Лассаль разъярился. Он обзывал ее бранными словами, заявляя повсюду, что она порочна. Вскоре он послал оскорбительное письмо и вызов ее отцу. Старик фон Денннгес почел за лучшее уехать, а Янко фон Раковиц заменил его на дуэли.
Лассаль был смертельно ранен пулей в живот и через три дня после тяжких страданий скончался.
В слякотный февральский день 1863 года в Варшаве вспыхнуло восстание. Маркс и Энгельс с горячим сочувствием отнеслись к повстанцам. Они придавали исключительное значение этому событию и решили выступить от имени Лондонского просветительного общества немецких рабочих с воззванием. Подробно изложить свои взгляды они намеревались в брошюре «Германия и Польша». Маркс готовил политическую часть этого произведения, а Энгельс — военный разбор. Так как Фридрих знал лучше русский язык, то Карл просил его в связи с событиями в Польше следить за тем, что печатает орган русской революционной эмиграции в Лондоне — «Колокол».
Маркс писал в Манчестер:
«Теперь Герцену и К0 представляется случай доказать свою революционную честность».
Еще в период подготовки восстания, осенью 1862 года, Герцен уже вел переговоры с представителями польских революционных организаций. Он требовал, чтобы поляки в своей программе оговорили право крестьян на землю и свободу каждого народа решать вопрос своего государственного устройства. «Колокол» напечатал обращение Центрального народного комитета в Варшаве к издателям газет и затем ответ на него.
«Да воздвигнется Польша, — писали Герцен и Огарев, — независимая, искушенная в несчастьях, окрепшая в бою, да воздвигнется она бессословная, отбросив средневековые доспехи, без кольчуг и аристократического щита, пусть явится славянским поюневшим атлетом, подающим одну руку — бедному холопу, а другую — равноправному соседу. Во имя их примите нашу дружескую руку… мы ее подаем вам, как русские, мы любим наш народ, мы веруем в него и его будущность и именно потому подаем ее вам на дело справедливости и свободы».
Герцен постоянно защищал Польшу. Он не раз обращался к русскому войску, призывая его не поднимать оружия против поляков в защиту царского правительства, которое является несчастьем не только Польши, но и России. Герцена не смутило, что в связи с этим вся орава русских либералов отхлынула от «Колокола». Он до конца мужественно отстаивал свободу поляков и бичевал карателей, палачей и вешателей.
«Мы с Польшей оттого, что мы за Россию, — говорил Герцен. — Одна цель сковывает нас, и мы можем рука об руку идти одной дорогой к свободной жизни».
Маркс и Энгельс в это же время напряженно собирали необходимые сведения для предполагаемой брошюры. В подготовительных набросках Карл подробно прослеживал захватническую политику не только царской России, но и Пруссии по отношению к Польше. Работая, Карл забирался в глубь предмета все дальше и дальше. Ради самого незначительного факта или возникшего у него сомнения он мог перерыть десятки книг и проводить в Британском музее без перерыва по десяти часов в день. Никогда ни один его противник не мог обличить его в опрометчивости пли искажении.

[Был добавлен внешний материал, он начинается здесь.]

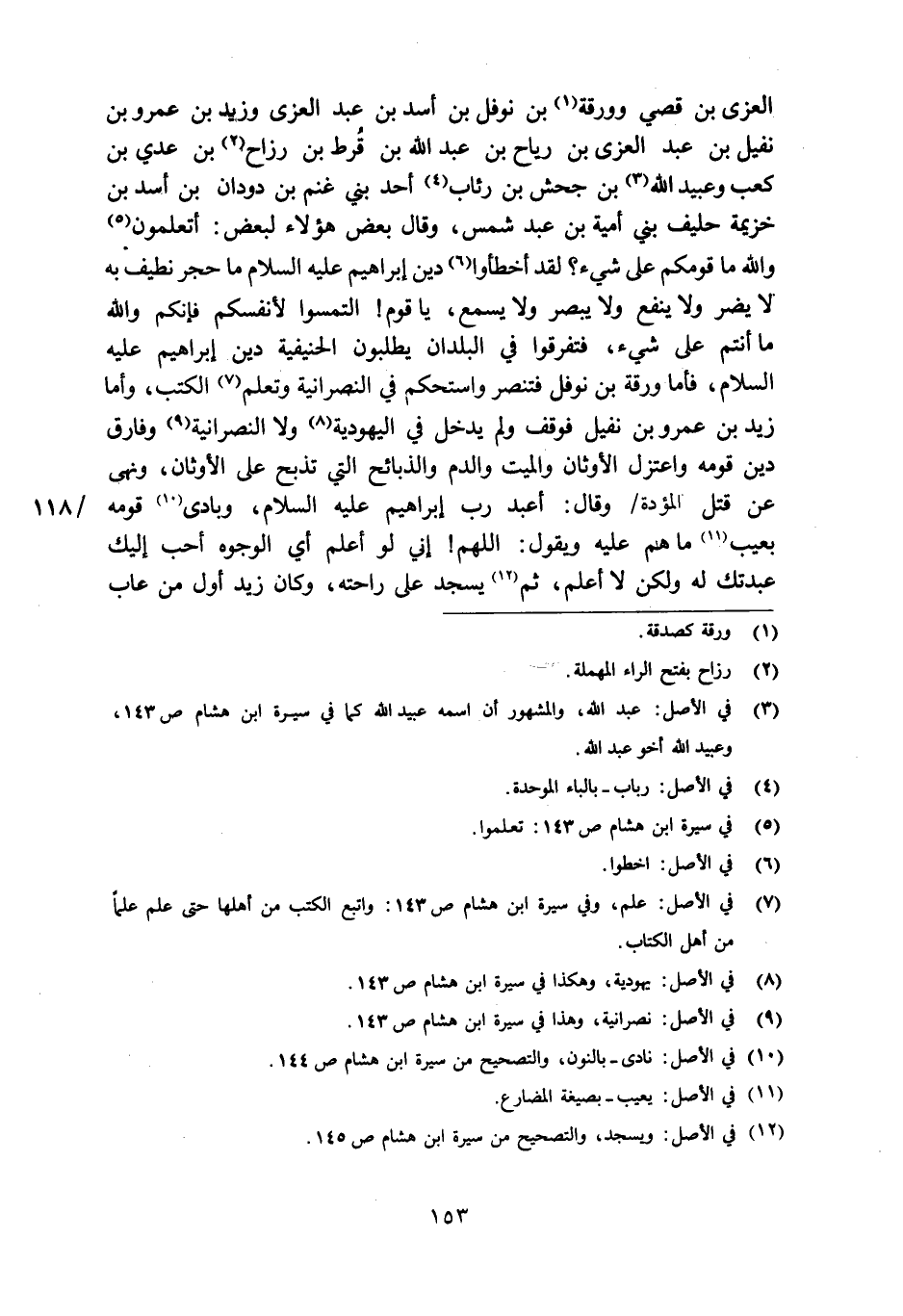العزى بن قصي وورقة [1] بن نوفل بن أسد بن عبد العزى وزيد بن عمرو بن نفيل بن عبد العزى بن رياح بن عبد الله بن قرط بن رزاح [2] بن عدي بن كعب وعبيد الله [3] بن جحش بن رئاب [4] أحد بني غنم بن دودان بن أسد بن خزيمة حليف بني أمية بن عبد شمس، وقال بعض هؤلاء لبعض: أتعلمون [5] والله ما قومكم على شيء؟ لقد أخطئوا [6] دين إبراهيم عليه السلام ما حجر نطيف به لا يضر ولا ينفع ولا يبصر ولا يسمع، يا قوم! التمسوا لأنفسكم فإنكم والله ما أنتم على شيء، فتفرقوا في البلدان يطلبون الحنيفية دين إبراهيم عليه السلام، فأما ورقة بن نوفل فتنصر واستحكم في النصرانية وتعلم [7] الكتب، وأما زيد بن عمرو بن نفيل فوقف ولم يدخل في اليهودية [8] ولا النصرانية [9] وفارق دين قومه واعتزل الأوثان والميت والدم والذبائح التي تذبح على الأوثان، ونهى عن قتل المؤدة/ وقال: أعبد رب إبراهيم عليه السلام، وبادى [10] قومه بعيب [11] ما هم عليه ويقول: اللهم! إني لو أعلم أي الوجوه أحب إليك عبدتك له ولكن لا أعلم، ثم [12] يسجد على راحته، وكان زيد أول من عاب
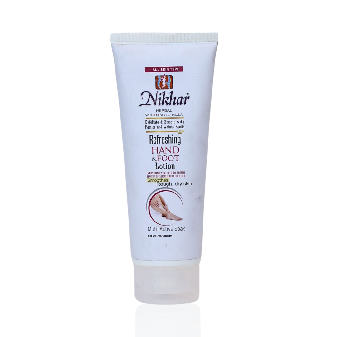 Nikhar Herbal Refreshing Hand and Foot Lotion rejuvenates and nourishes dry skin. Its natural ingredients provide long-lasting moisture, leaving your hands and feet feeling soft and smooth. Avoid harsh chemicals and experience the benefits of herbal remedies.
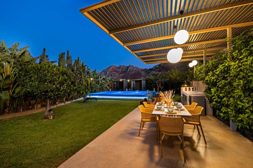 Buiten dineren, faciliteiten om buiten te dineren, eetgelegenheden, overdekt terras, open terras, ligstoelen, barbecue, tuinmeubilair, douche bij het zwembad, douche
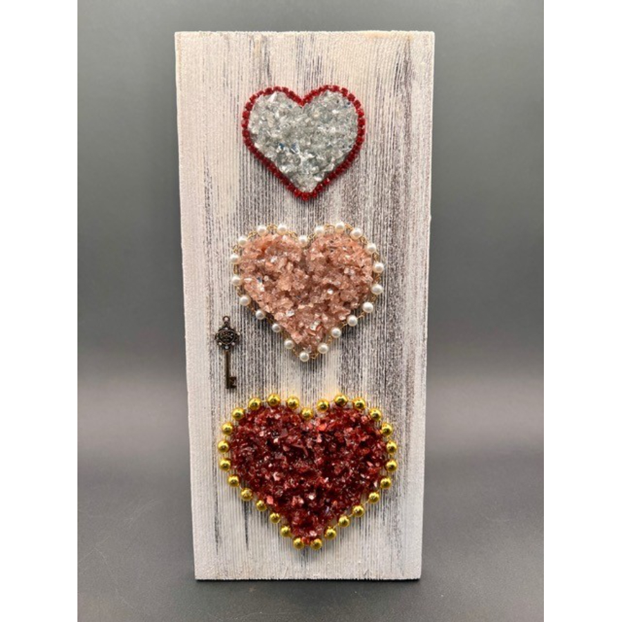 Shells, crushed glass, pearls, and and rhinestones on wood panel.
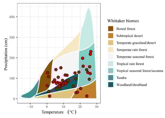 Environmental locations of the 39 studies across Whittaker’s biomes.
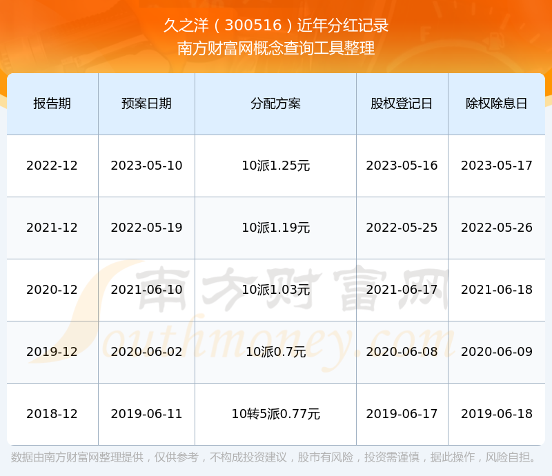 久之洋最新一次公布的分紅方案:10派1.25元。
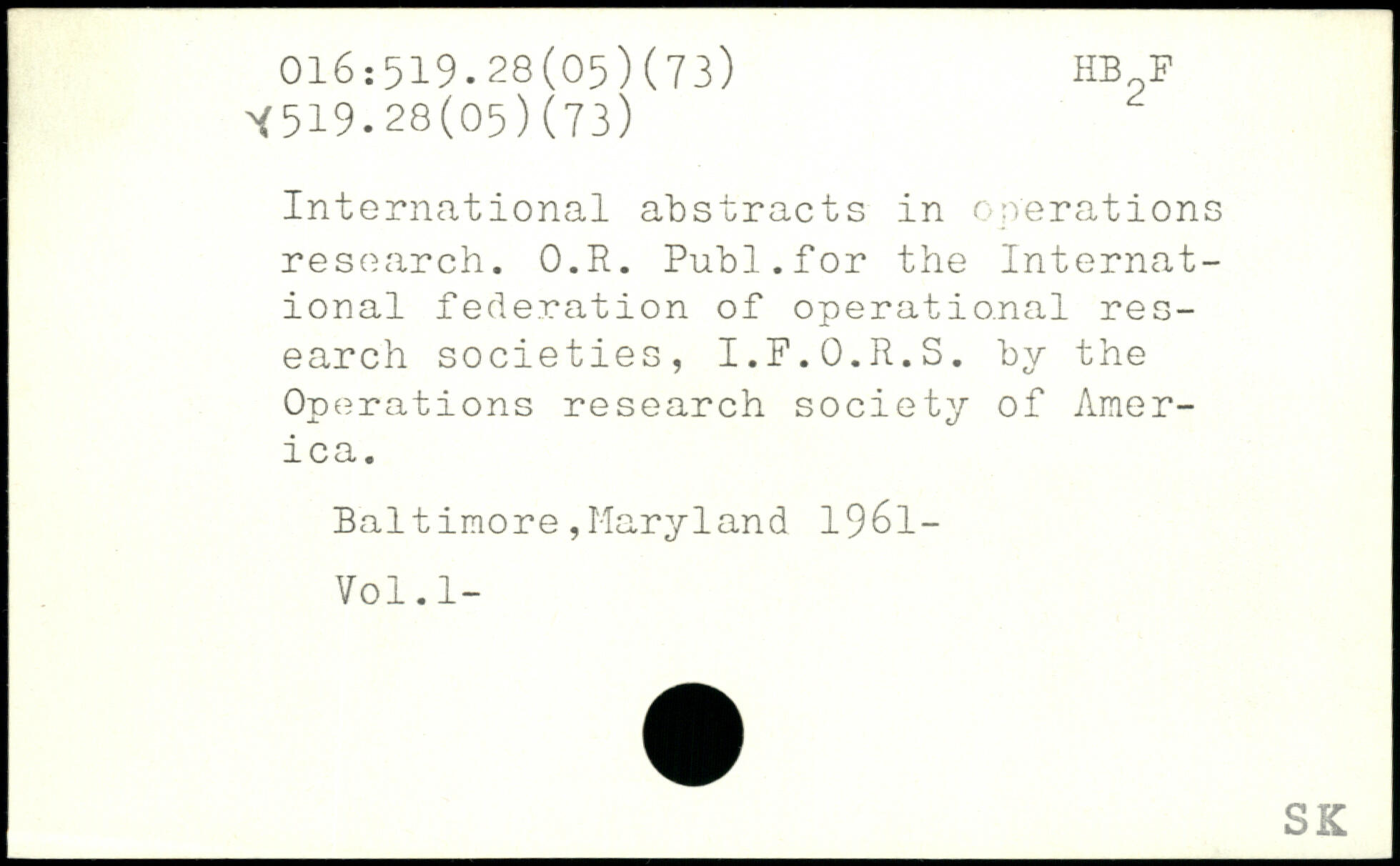 International abstracts in operations research. O.R. Publ.for the International federation of operational research societies, I.F.O.R.S. by the Operations research society of America. Baltimore,Maryland 19&1-Vol.l-
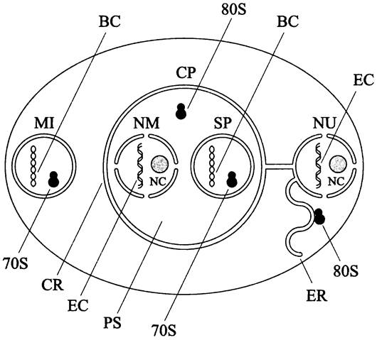Помимо нуклеоморфа в перипластидном пространстве находятся 80S-рибосомы. Таким образом, в сложных пластидах сосуществуют две популяции рибосом (рис. 282). Бактериальные 703- рибосомы локализованы в коре ксеносомы, их 16S рРНК кодируется геномом простой пластиды. Эукариотные 80S-рибосомы расположены в перипластидном пространстве, их 18S рРНК закодирована в геноме нуклеоморфа.
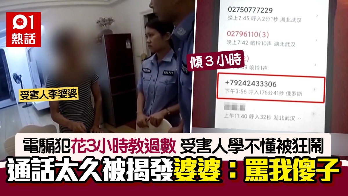 還好婆婆不懂用手機?內地有婆婆日前接到境外詐騙電話,對方冒充公安局人員要求她將錢匯入「安全戶口」調查。雖然婆婆很快上當,但因為她說方言又不懂用手機,騙徒花了3小時教她用微信轉賬,婆婆仍然學不會。由於通話時間太長,引起當地反詐騙部門關注,警方最終上門制止事件。婆婆大呻騙徒不停鬧她笨、態度囂張,又不准收線害她沒時間煮飯,最終她向警方承諾不會再接境外來電。
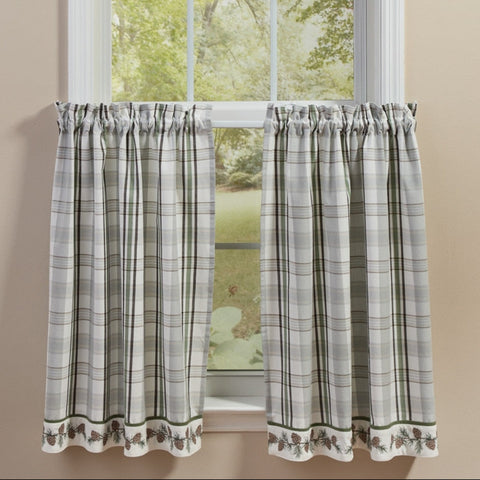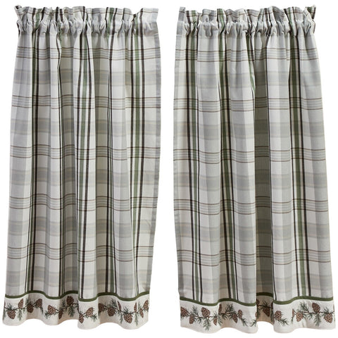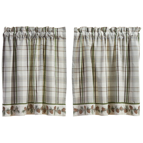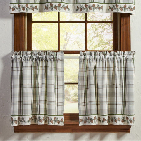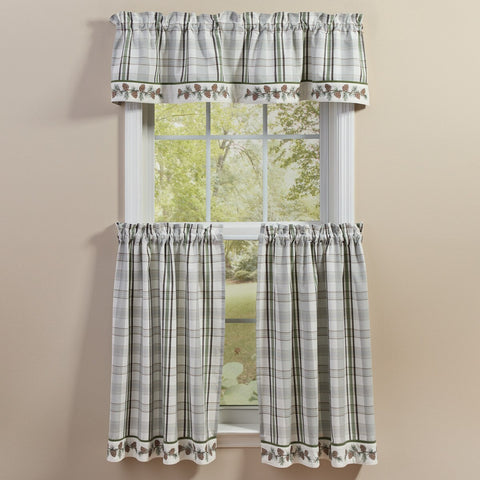 Add a touch of classic, farmhouse style to your window with the Ponderosa Pine Tiers. Displaying exquisite, classic design with grey, white, brown and green plaid, the tiers are perfect for your updated country style home. Curtains include rod pocket for easy hanging. Unlined. Set of 2 Tiers. Valance & Swags sold separately.
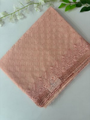 Turquoise Blue Tissue Crush Organza Saree with Aari Work
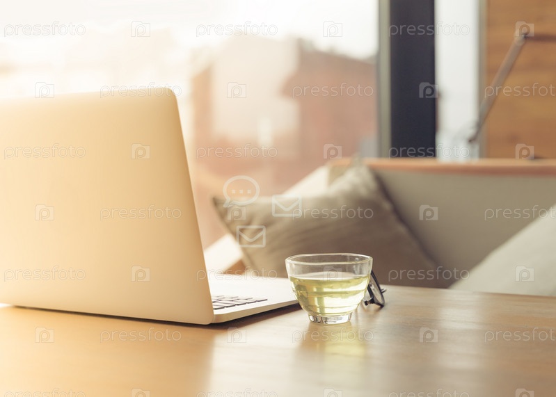 Внештатный стол с открытым ноутбуком, чашкой зеленого чая и стаканами на столе. Кафе или коворкинг. Концепция цифровых кочевников, домашнего офиса, ведения блога. Нет людей
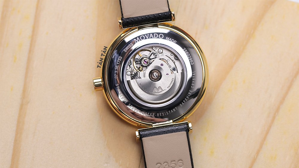 Movado Museum Classic 0607676 được trang bị bộ máy Automatic chuẩn Swiss Made cực kỳ mạnh mẽ và bền bỉ. Bộ máy sở hữu 25 chân kính, hoạt động với tần số 28800 nhịp/giờ và thời gian trữ cót khoảng 38h trong điều kiện hoàn hảo, tuy nhiên tùy thuộc vào nhiều yếu tố mà thời gian trữ cót thực tế có thể không đạt mức tối đa. Những chuyển động nhịp nhàng bên trong cỗ máy thời gian được phô diễn sinh động thông qua thiết kế “exhibition” ở mặt sau bộ vỏ và được bảo vệ bởi lớp kính sapphire trong suốt.
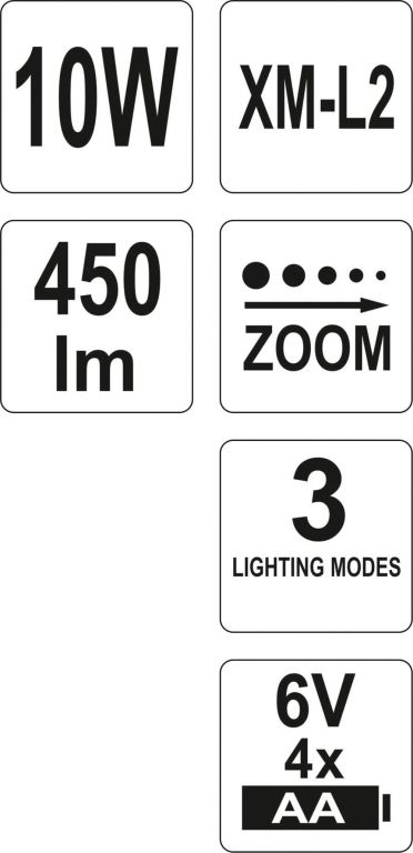 Svítilna je vybavena funkcí ZOOM, která umožňuje regulovat paprsek světla a tím osvětlovat blízké, nebo vzdálené objekty. Také disponuje třemi různými režimy světla (plné 100%, úsporné 50% a blikání SOS). Napájení 4x baterie AA (nejsou přiloženy) v pouzdře na zadní straně hlavy. Upevňovací popruhy na hlavu lze pomocí přezek upravit dle potřeby.
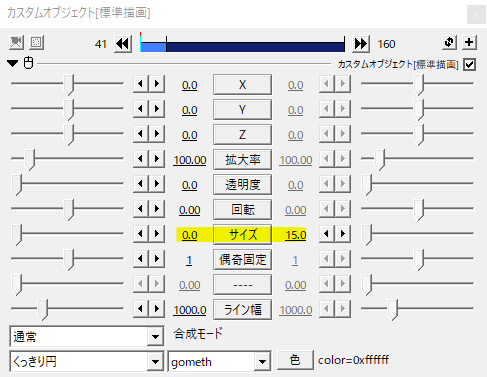 もしサイズを移動させて挙動がおかしくなる場合は、0.0を0.1にしてみてください。
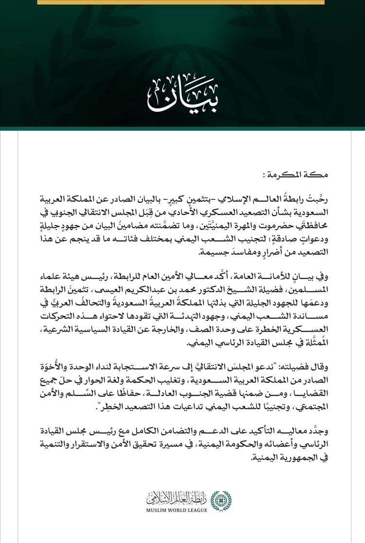 أعربت رابطة العالم الإسلامي عن ترحيبها وتثمينها الكبير للبيان الصادر عن المملكة العربية السعودية بشأن التصعيد العسكري الأحادي من قبل المجلس الانتقالي الجنوبي في محافظتي حضرموت والمهرة اليمنيتين. وأكدت الرابطة دعمها الكامل لما تضمنه البيان من جهود جليلة ودعوات صادقة تهدف إلى تجنيب الشعب اليمني بمختلف فئاته الأضرار والمفاسد الجسيمة الناتجة عن هذا التصعيد.
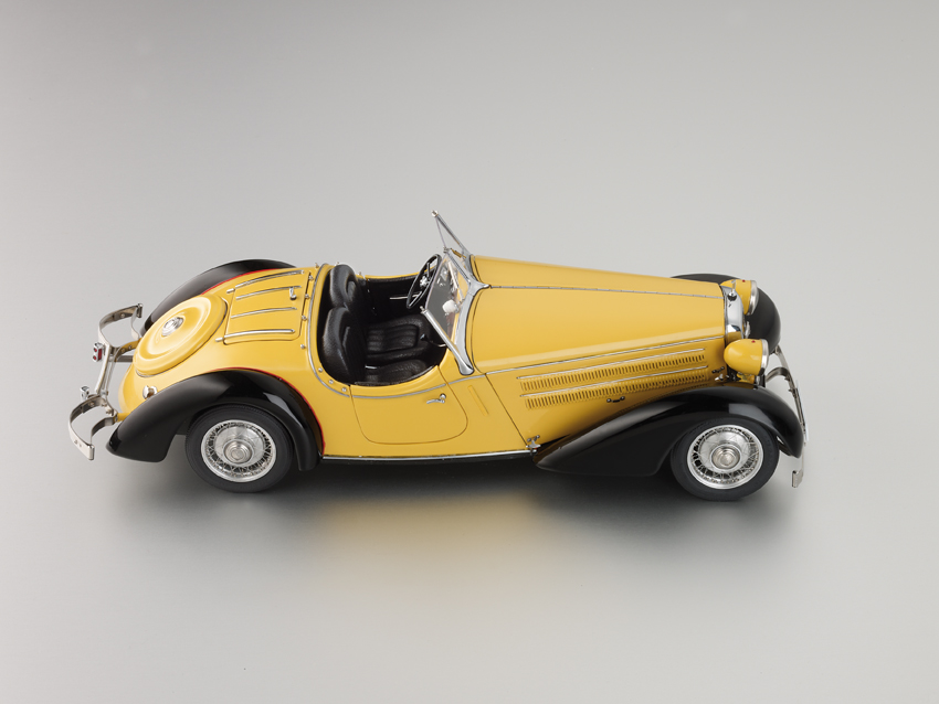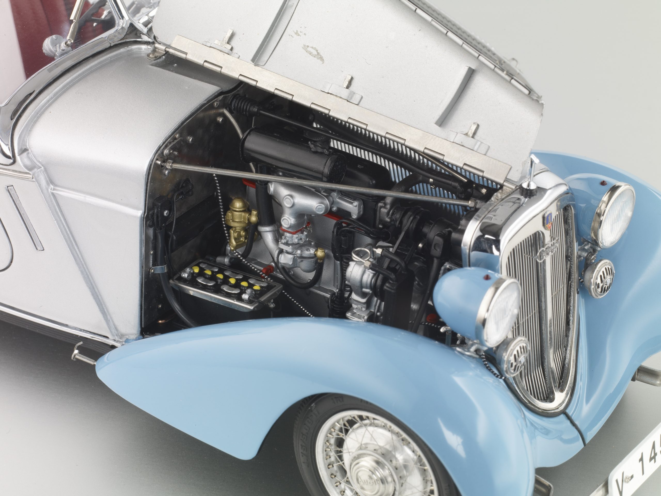 Auf der Berliner Automobil-Ausstellung im Februar 1935 gehörte der Audi Front 225 Roadster zu den schönsten und meistbewunderten Automobilen. Die sportlich gestylte Karosserie konnte gefallen und erregte bei den Besuchern großes Aufsehen. Mit der Miniatur dieses damaligen Edel-Roadsters ist es CMC gelungen, einen in Vergessenheit geratenen Meilenstein der eleganten 1930er-Jahre wieder zum Leben zu erwecken.

Научная совесть Карла была чрезвычайно сурова. Он не позволял себе говорить о предмете, покуда досконально не изучил его, и не публиковал ничего до тех пор, пока не добивался ясности, точности, наибольшего совершенства формы изложения. Он не выносил на люди незаконченных произведений и, покуда не сверял всего до последней запятой и точки, прятал рукопись от постороннего ока.
«Лучше сжечь свой труд, нежели издать его недоделанным», — считал он. Добросовестный в мелочах, как и во всем значительном, Маркс обязательно тщательно вписывал в свои книги имена тех, чьими мыслями или цитатами воспользовался.
— Я воздаю каждому по его заслугам, — любил он повторять шутя.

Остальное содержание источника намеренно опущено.